At the same time, victims were warned they could be branded a “troublemaker” if they continued to raise their concerns. Marsha described how she was advised by well-meaning colleagues to not complain about unwanted sexual attention:

Their view was that, if this gets out, I would be the girl who accuses men of coming onto her.

Thus sex-based harassment is not just the result of one individual’s actions. In each of the cases we encountered, managers, HR personnel, and ordinary colleagues were complicit in silencing victims.

This not only created a safe haven for perpetrators, who were able to avoid punishment. But victims were left feeling confused and unsupported, often leading to disengagement from work and withdrawal from the social fabric of the organisation.

Breaking the silence

To end these damaging effects of silencing, it is not only important to have channels for people to report harassment, it is also crucial to ensure that victims feel heard, their concerns validated, and their complaints taken seriously.

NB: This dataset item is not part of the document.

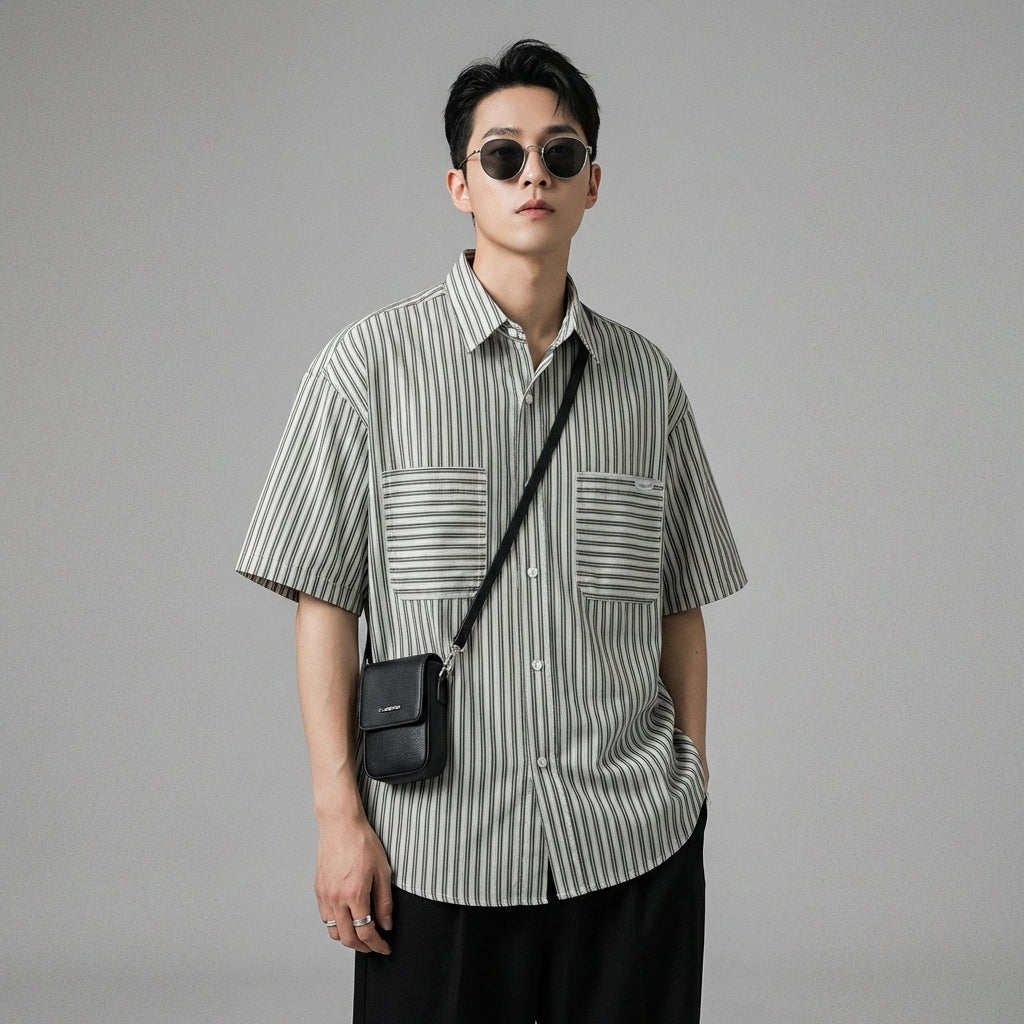 - Estilo: Streetwear, Casual, K-fashion. Esta camisa encarna el espíritu joven y dinámico de la moda coreana, ideal para un look urbano y moderno.

They should be assured that action will be taken to hold culprits accountable and to prevent such cases from happening again. If people believe that injustice is covered up by the organisation, this can negatively affect their commitment and motivation.

People should also reflect on how they respond to colleagues’ concerns and know that their actions have repercussions. By encouraging colleagues to remain silent, they help to create a culture of harassment that means for every damning headline, there are many more cases that go unreported.

*All names have been changed to protect the identity of the interviewees mentioned.